▸ ABOUT THIS TASK
Looking at the data below, how many lines include the word "black"? Respond with the number only.

▸ INPUT
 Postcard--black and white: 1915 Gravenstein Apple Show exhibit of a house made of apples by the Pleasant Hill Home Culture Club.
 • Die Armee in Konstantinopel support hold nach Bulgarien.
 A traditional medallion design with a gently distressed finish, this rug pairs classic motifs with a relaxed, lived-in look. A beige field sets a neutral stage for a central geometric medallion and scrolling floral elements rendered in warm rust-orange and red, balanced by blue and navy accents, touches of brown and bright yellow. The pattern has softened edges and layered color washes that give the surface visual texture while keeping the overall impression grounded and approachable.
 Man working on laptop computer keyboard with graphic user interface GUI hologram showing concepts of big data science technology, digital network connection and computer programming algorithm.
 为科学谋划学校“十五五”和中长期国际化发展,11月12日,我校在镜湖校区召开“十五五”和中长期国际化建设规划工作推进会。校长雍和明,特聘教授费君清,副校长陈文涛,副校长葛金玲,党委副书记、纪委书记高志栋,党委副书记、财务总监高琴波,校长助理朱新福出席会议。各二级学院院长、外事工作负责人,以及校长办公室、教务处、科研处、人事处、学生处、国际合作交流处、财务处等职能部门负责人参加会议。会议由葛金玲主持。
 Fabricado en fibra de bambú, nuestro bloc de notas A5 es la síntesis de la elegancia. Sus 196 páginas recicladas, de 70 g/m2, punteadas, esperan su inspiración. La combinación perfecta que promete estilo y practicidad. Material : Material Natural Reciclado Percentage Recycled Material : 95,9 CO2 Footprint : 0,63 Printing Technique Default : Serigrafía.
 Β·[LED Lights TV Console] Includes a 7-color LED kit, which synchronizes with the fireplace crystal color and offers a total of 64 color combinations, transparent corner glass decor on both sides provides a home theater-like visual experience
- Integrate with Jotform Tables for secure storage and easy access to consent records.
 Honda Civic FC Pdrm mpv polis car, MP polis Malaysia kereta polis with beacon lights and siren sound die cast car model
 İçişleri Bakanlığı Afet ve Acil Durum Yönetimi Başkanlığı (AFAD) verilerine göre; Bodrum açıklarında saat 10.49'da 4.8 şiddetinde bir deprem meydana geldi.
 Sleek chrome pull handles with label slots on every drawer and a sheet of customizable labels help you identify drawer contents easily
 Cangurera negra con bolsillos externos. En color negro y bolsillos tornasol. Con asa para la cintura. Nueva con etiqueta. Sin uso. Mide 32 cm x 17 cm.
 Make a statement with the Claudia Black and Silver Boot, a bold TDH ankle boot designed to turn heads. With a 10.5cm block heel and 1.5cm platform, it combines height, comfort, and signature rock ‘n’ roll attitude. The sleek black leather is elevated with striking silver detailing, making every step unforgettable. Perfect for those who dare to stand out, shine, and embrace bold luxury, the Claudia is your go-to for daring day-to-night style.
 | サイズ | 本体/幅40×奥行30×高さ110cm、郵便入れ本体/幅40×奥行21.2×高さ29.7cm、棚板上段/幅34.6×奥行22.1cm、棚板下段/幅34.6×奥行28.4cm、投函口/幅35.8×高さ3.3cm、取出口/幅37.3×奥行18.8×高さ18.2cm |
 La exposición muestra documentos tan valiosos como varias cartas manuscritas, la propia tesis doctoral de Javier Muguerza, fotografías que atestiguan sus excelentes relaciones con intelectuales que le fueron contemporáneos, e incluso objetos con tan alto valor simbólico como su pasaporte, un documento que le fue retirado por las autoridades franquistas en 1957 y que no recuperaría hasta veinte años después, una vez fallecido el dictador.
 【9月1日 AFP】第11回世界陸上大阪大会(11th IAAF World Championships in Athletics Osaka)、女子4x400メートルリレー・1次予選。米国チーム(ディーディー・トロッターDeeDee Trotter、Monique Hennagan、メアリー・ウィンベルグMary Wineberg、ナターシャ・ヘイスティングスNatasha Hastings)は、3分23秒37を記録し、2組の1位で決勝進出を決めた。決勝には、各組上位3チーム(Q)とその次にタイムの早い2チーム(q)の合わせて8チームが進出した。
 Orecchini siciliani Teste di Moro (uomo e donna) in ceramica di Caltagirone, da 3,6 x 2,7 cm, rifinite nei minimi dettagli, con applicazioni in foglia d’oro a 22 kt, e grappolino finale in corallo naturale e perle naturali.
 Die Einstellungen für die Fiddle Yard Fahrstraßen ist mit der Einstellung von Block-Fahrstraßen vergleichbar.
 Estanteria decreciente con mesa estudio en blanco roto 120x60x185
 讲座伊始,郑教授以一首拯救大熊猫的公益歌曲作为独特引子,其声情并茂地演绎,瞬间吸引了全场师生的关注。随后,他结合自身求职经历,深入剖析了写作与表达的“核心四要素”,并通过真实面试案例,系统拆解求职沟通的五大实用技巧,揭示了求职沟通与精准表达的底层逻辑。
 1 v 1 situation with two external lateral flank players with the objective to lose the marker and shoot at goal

▸ THE ANSWER
2